25.08.2016, par Édouard Michel, chargé des relations internationales et européennes à l'Institut écologie et environnement (Inee) du CNRS
L'accord international adopté à l'issue de la COP21 constitue un défi de taille pour la recherche, comme nous l'explique ici Édouard Michel de l'Institut écologie et environnement du CNRS.

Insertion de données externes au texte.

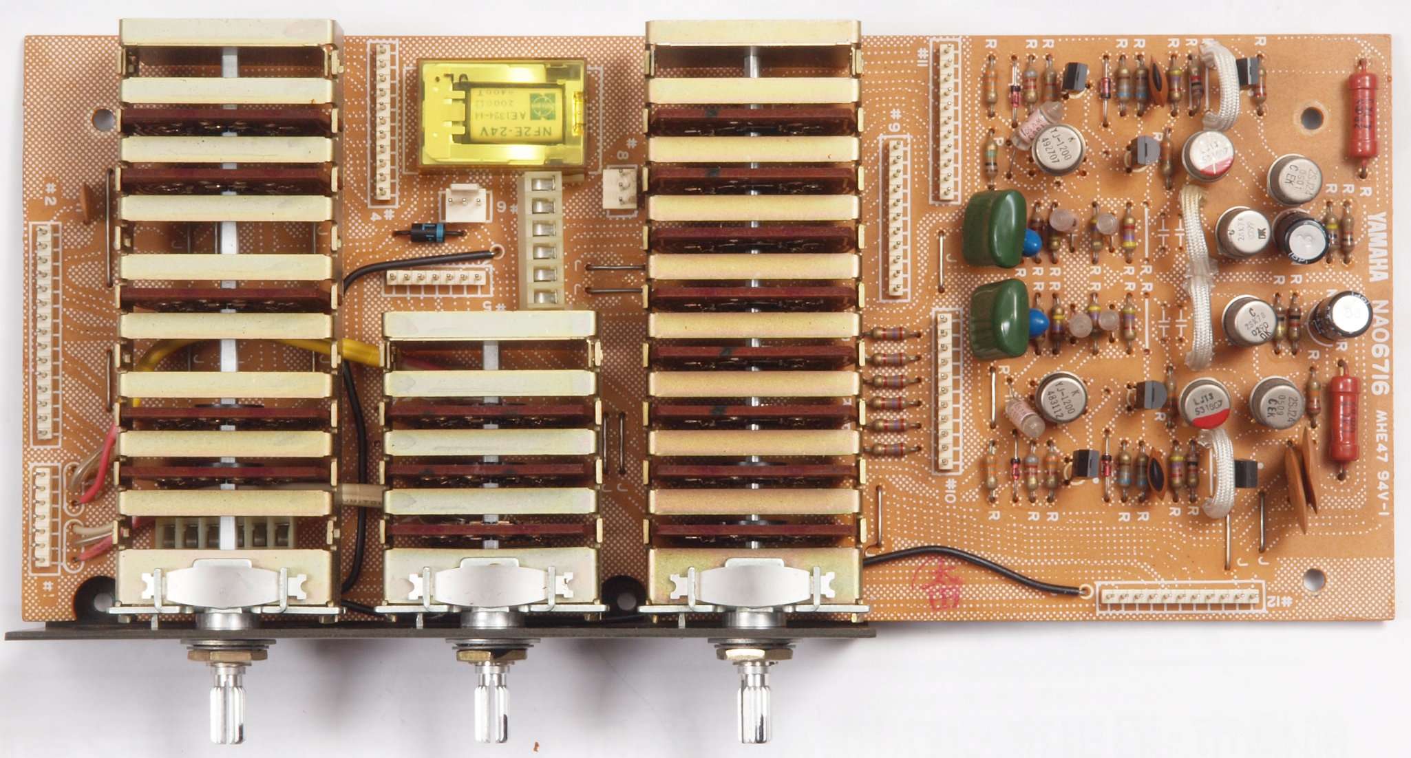 C72.修理後 ToneAMP基板。 V−FET2個、FET(電界効果トランジスター)8個、半固定VR2個、電解コンデンサ−6個、フイルムコンデンサー8個交換

Depuis le 13 décembre 2015 et l’adoption de l'Accord de Paris lors de la COP21, les applaudissements ont laissé place au temps de la réalisation. Peu d’accords internationaux laissent à ce point aux Parties qui les adoptent la responsabilité individuelle de leur mise en œuvre autour d’un effort coordonné. Le cadre d’action est vaste, les exigences différenciées selon les pays, mais le constat de nécessité a été répété à l’unanimité : les changements climatiques et leurs impacts doivent être limités, et cela passera par une réduction des émissions de gaz à effet de serre causées par les activités humaines.
   
Les changements climatiques, tels qu’abordés par les Parties, constituent un centre de gravité vers lequel convergent un ensemble de principes, de priorités et d’enjeux environnementaux, sociaux, économiques et géopolitiques. Les mobilisations de la société civile, inégalées par rapport aux autres conventions internationales, imposent cette multiplicité des enjeux associés comme une caractéristique des négociations et d’un développement véritablement durable.
  
L’Accord fixe un objectif : limiter l’augmentation de la température de la planète à 2°C par rapport aux températures préindustrielles (1850 étant la référence communément admise) à l’horizon 2100. Le cœur du mécanisme : tous les pays doivent mettre en place des plans quinquennaux pour limiter leurs émissions de gaz à effet de serre, et chaque fois de manière plus ambitieuse.

  
En marge des négociations de la COP 21, plusieurs ONG ont organisé une marche pour le climat au cours du mois de décembre 2015. (©Samuel Boivin/Citizenside/AFP)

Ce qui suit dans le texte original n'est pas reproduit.